Stored entries:

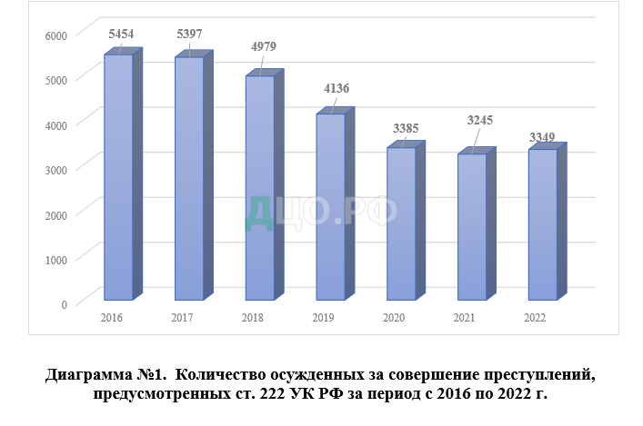 Официальная статистика Судебного департамента Верховного Суда Российской Федерации свидетельствует о том, что число осужденных за совершение преступления, предусмотренного ст. 222 УК РФ составляет 1781 человек за 1-е полугодие 2021 г., 3385 человек за 2020 г., 4136 человека за 2019 г. (см. диаграмму №1).
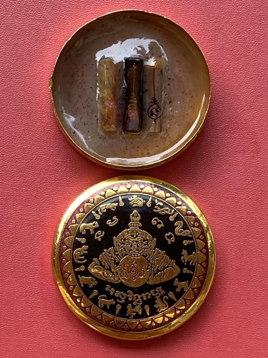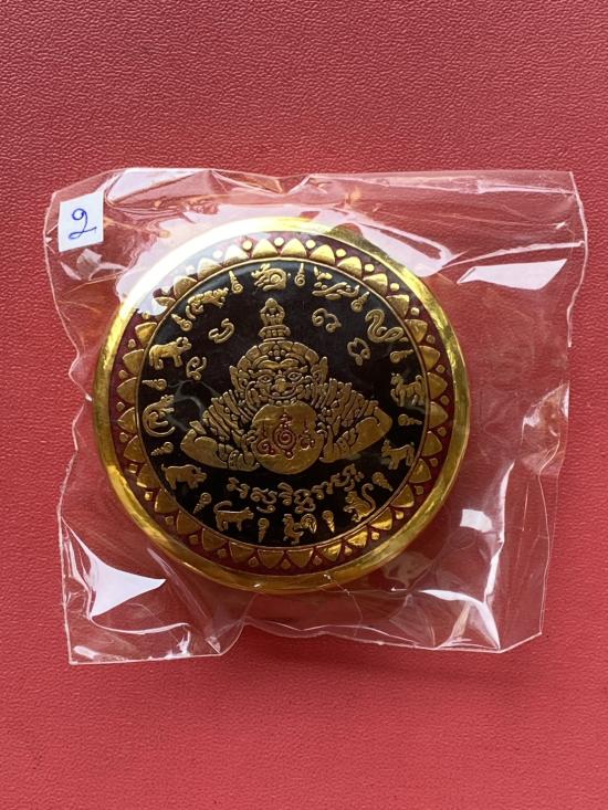 เคาะเดียวแดง สีผึ้งพระราหู รุ่น มงคลจักรวาล เนื้อ โลหะชุบทองลงยาสีดำขอบสีแดง ขนาด5ซม |
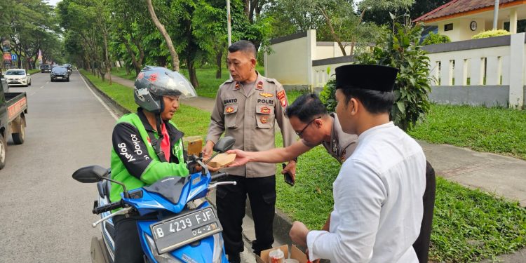 Kabupaten Bekasi – Dalam rangka menyambut bulan suci Ramadhan dengan penuh kebaikan dan berkah, IPDA Ranto dari Polsek Cikarang Selatan, didampingi oleh Pengurus Dewan Kemakmuran Masjid (DKM) Masjid Al Barkah dan warga Desa Cibatu, menggelar kegiatan Ramadhan Barokah. Kegiatan ini dilaksanakan dengan membagikan takjil dan nasi kotak kepada pengendara ojek online (Ojol) dan masyarakat yang melintas di Jalan Majapahit, Lippo Cikarang Selatan. Selasa (12/3/24).
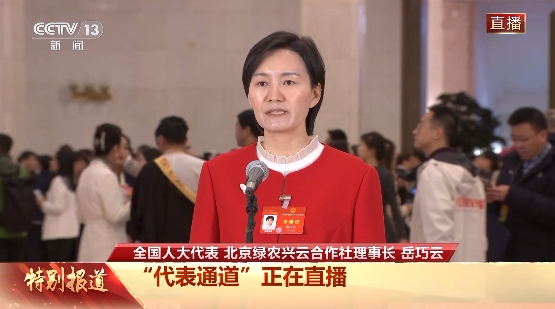 全国人大代表、北京绿农兴云合作社理事长岳巧云接受采访。
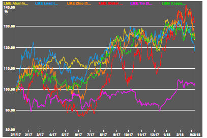 Tin prices have lagged conspicuously over the past year but have shown a similar rise to that of other metals since late in 2017.
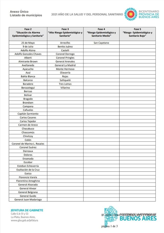 En torno a las restricciones, se aguarda para este sábado la comunicación oficial del gobernador Axel Kicillof, para determinar cuáles aplican en cada caso y situación.
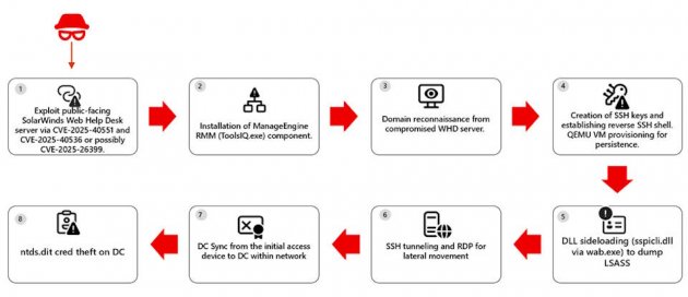 微軟與威脅情報公司Huntress指出,上個月底SolarWinds修補的網路IT服務臺Web Help Desk(WHD)重大漏洞CVE-2025-40551,已出現攻擊行動,駭客成功入侵後先後部署遠端管理工具Zoho ManageEngine、數位鑑識與事件回應(DFIR)工具Velociraptor,以便進行後續的活動

WHAT NEEDS TO BE DONE:
Give again, word for word, every line from the top of the data above to the line holding "En torno a las", inclusive, with the pictures left out.

TASK SOLUTION:
 Официальная статистика Судебного департамента Верховного Суда Российской Федерации свидетельствует о том, что число осужденных за совершение преступления, предусмотренного ст. 222 УК РФ составляет 1781 человек за 1-е полугодие 2021 г., 3385 человек за 2020 г., 4136 человека за 2019 г. (см. диаграмму №1).
 เคาะเดียวแดง สีผึ้งพระราหู รุ่น มงคลจักรวาล เนื้อ โลหะชุบทองลงยาสีดำขอบสีแดง ขนาด5ซม |
 Kabupaten Bekasi – Dalam rangka menyambut bulan suci Ramadhan dengan penuh kebaikan dan berkah, IPDA Ranto dari Polsek Cikarang Selatan, didampingi oleh Pengurus Dewan Kemakmuran Masjid (DKM) Masjid Al Barkah dan warga Desa Cibatu, menggelar kegiatan Ramadhan Barokah. Kegiatan ini dilaksanakan dengan membagikan takjil dan nasi kotak kepada pengendara ojek online (Ojol) dan masyarakat yang melintas di Jalan Majapahit, Lippo Cikarang Selatan. Selasa (12/3/24).
 全国人大代表、北京绿农兴云合作社理事长岳巧云接受采访。
 Tin prices have lagged conspicuously over the past year but have shown a similar rise to that of other metals since late in 2017.
 En torno a las restricciones, se aguarda para este sábado la comunicación oficial del gobernador Axel Kicillof, para determinar cuáles aplican en cada caso y situación.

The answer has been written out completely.